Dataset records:
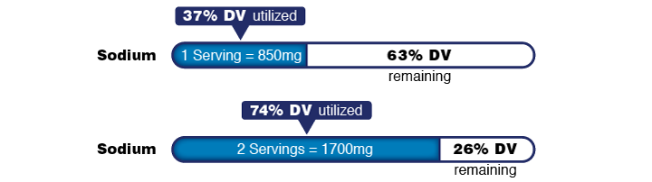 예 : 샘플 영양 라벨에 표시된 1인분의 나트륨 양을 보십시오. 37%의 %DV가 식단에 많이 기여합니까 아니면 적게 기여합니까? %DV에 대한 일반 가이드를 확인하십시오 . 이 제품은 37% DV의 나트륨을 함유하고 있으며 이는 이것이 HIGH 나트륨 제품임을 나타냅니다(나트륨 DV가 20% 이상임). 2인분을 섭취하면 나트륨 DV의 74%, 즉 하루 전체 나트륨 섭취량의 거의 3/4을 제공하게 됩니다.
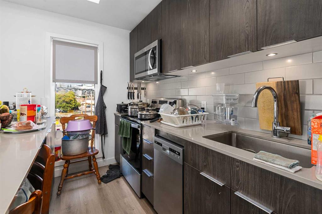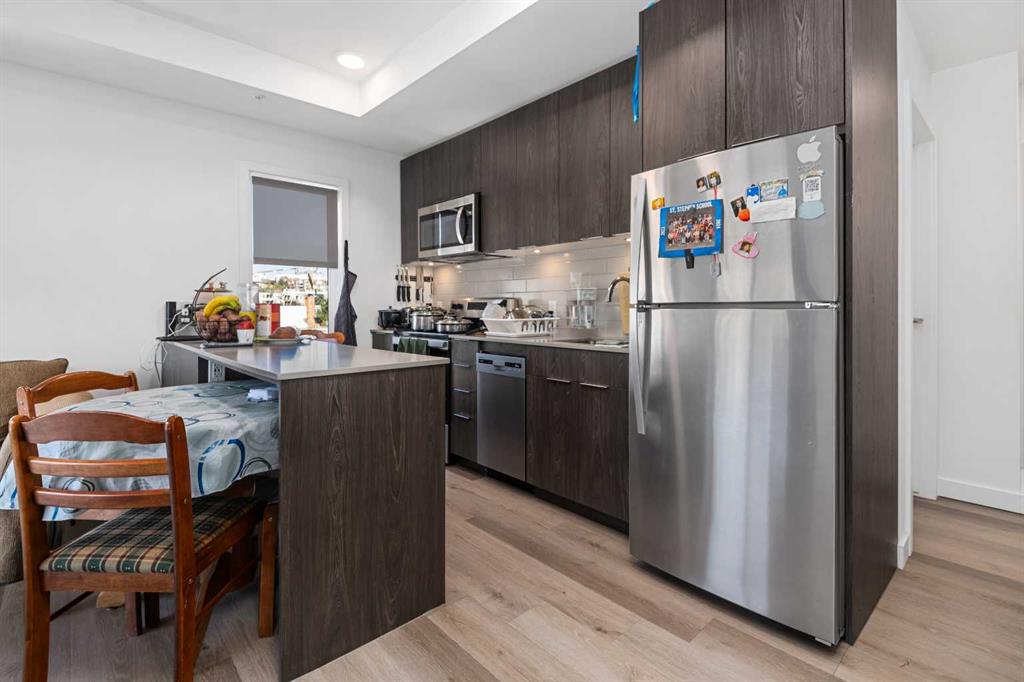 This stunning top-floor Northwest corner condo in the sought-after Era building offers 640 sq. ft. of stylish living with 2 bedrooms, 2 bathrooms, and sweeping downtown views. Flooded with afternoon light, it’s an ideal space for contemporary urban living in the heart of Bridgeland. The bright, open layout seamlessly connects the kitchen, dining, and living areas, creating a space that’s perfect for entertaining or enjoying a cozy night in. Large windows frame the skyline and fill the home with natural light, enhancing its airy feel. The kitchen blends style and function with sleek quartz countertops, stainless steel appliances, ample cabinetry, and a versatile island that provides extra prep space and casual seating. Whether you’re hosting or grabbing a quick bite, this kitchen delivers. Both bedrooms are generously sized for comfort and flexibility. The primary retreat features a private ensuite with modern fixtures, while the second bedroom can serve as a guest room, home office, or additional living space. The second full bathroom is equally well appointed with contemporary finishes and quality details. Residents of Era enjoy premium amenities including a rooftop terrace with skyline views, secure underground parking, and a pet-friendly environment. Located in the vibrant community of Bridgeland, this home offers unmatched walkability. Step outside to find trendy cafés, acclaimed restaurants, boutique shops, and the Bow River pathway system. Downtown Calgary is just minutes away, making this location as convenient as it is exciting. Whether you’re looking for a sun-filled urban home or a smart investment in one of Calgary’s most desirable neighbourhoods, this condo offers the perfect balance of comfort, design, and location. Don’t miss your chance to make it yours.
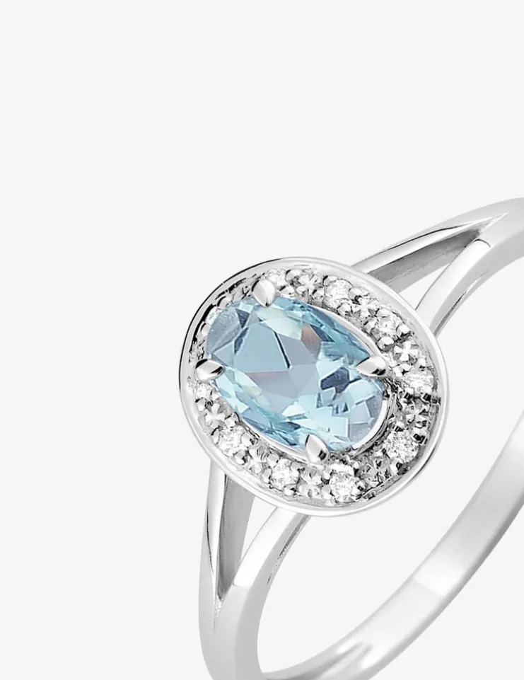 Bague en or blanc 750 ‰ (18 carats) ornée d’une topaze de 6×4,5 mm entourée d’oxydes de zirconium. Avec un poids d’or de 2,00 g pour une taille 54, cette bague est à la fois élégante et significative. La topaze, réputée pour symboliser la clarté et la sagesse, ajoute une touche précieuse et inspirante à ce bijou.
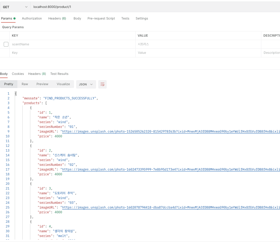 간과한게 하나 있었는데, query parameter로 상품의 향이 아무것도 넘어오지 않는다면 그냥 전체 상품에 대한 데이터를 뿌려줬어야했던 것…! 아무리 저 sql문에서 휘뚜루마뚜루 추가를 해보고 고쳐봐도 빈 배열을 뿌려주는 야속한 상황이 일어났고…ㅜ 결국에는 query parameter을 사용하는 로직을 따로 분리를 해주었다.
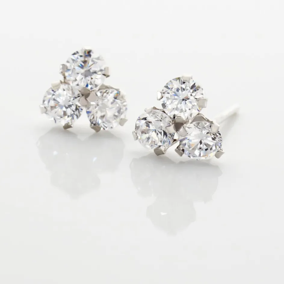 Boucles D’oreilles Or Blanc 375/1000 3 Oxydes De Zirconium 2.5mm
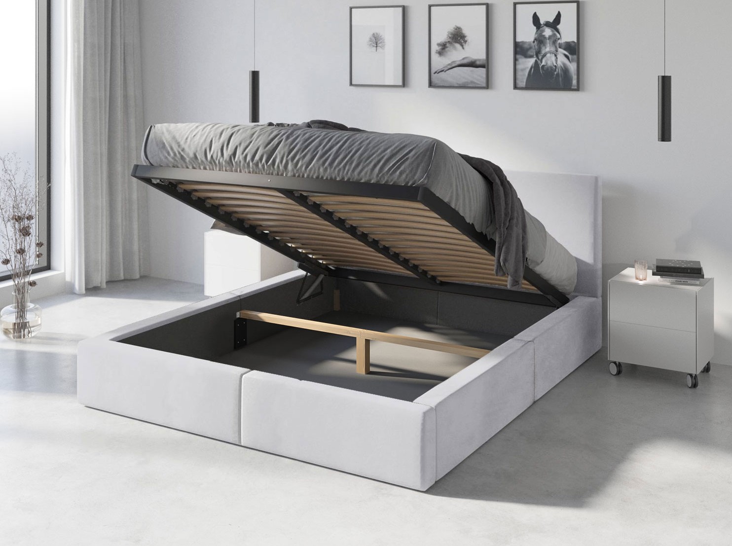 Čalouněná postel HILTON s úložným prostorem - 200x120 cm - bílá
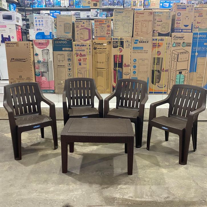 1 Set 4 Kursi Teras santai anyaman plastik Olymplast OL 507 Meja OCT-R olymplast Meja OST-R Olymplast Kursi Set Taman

- Prompt:
Could you set down the records above word for word, without any of the pictures?

- Your response:
 예 : 샘플 영양 라벨에 표시된 1인분의 나트륨 양을 보십시오. 37%의 %DV가 식단에 많이 기여합니까 아니면 적게 기여합니까? %DV에 대한 일반 가이드를 확인하십시오 . 이 제품은 37% DV의 나트륨을 함유하고 있으며 이는 이것이 HIGH 나트륨 제품임을 나타냅니다(나트륨 DV가 20% 이상임). 2인분을 섭취하면 나트륨 DV의 74%, 즉 하루 전체 나트륨 섭취량의 거의 3/4을 제공하게 됩니다.
 This stunning top-floor Northwest corner condo in the sought-after Era building offers 640 sq. ft. of stylish living with 2 bedrooms, 2 bathrooms, and sweeping downtown views. Flooded with afternoon light, it’s an ideal space for contemporary urban living in the heart of Bridgeland. The bright, open layout seamlessly connects the kitchen, dining, and living areas, creating a space that’s perfect for entertaining or enjoying a cozy night in. Large windows frame the skyline and fill the home with natural light, enhancing its airy feel. The kitchen blends style and function with sleek quartz countertops, stainless steel appliances, ample cabinetry, and a versatile island that provides extra prep space and casual seating. Whether you’re hosting or grabbing a quick bite, this kitchen delivers. Both bedrooms are generously sized for comfort and flexibility. The primary retreat features a private ensuite with modern fixtures, while the second bedroom can serve as a guest room, home office, or additional living space. The second full bathroom is equally well appointed with contemporary finishes and quality details. Residents of Era enjoy premium amenities including a rooftop terrace with skyline views, secure underground parking, and a pet-friendly environment. Located in the vibrant community of Bridgeland, this home offers unmatched walkability. Step outside to find trendy cafés, acclaimed restaurants, boutique shops, and the Bow River pathway system. Downtown Calgary is just minutes away, making this location as convenient as it is exciting. Whether you’re looking for a sun-filled urban home or a smart investment in one of Calgary’s most desirable neighbourhoods, this condo offers the perfect balance of comfort, design, and location. Don’t miss your chance to make it yours.
 Bague en or blanc 750 ‰ (18 carats) ornée d’une topaze de 6×4,5 mm entourée d’oxydes de zirconium. Avec un poids d’or de 2,00 g pour une taille 54, cette bague est à la fois élégante et significative. La topaze, réputée pour symboliser la clarté et la sagesse, ajoute une touche précieuse et inspirante à ce bijou.
 간과한게 하나 있었는데, query parameter로 상품의 향이 아무것도 넘어오지 않는다면 그냥 전체 상품에 대한 데이터를 뿌려줬어야했던 것…! 아무리 저 sql문에서 휘뚜루마뚜루 추가를 해보고 고쳐봐도 빈 배열을 뿌려주는 야속한 상황이 일어났고…ㅜ 결국에는 query parameter을 사용하는 로직을 따로 분리를 해주었다.
 Boucles D’oreilles Or Blanc 375/1000 3 Oxydes De Zirconium 2.5mm
 Čalouněná postel HILTON s úložným prostorem - 200x120 cm - bílá
 1 Set 4 Kursi Teras santai anyaman plastik Olymplast OL 507 Meja OCT-R olymplast Meja OST-R Olymplast Kursi Set Taman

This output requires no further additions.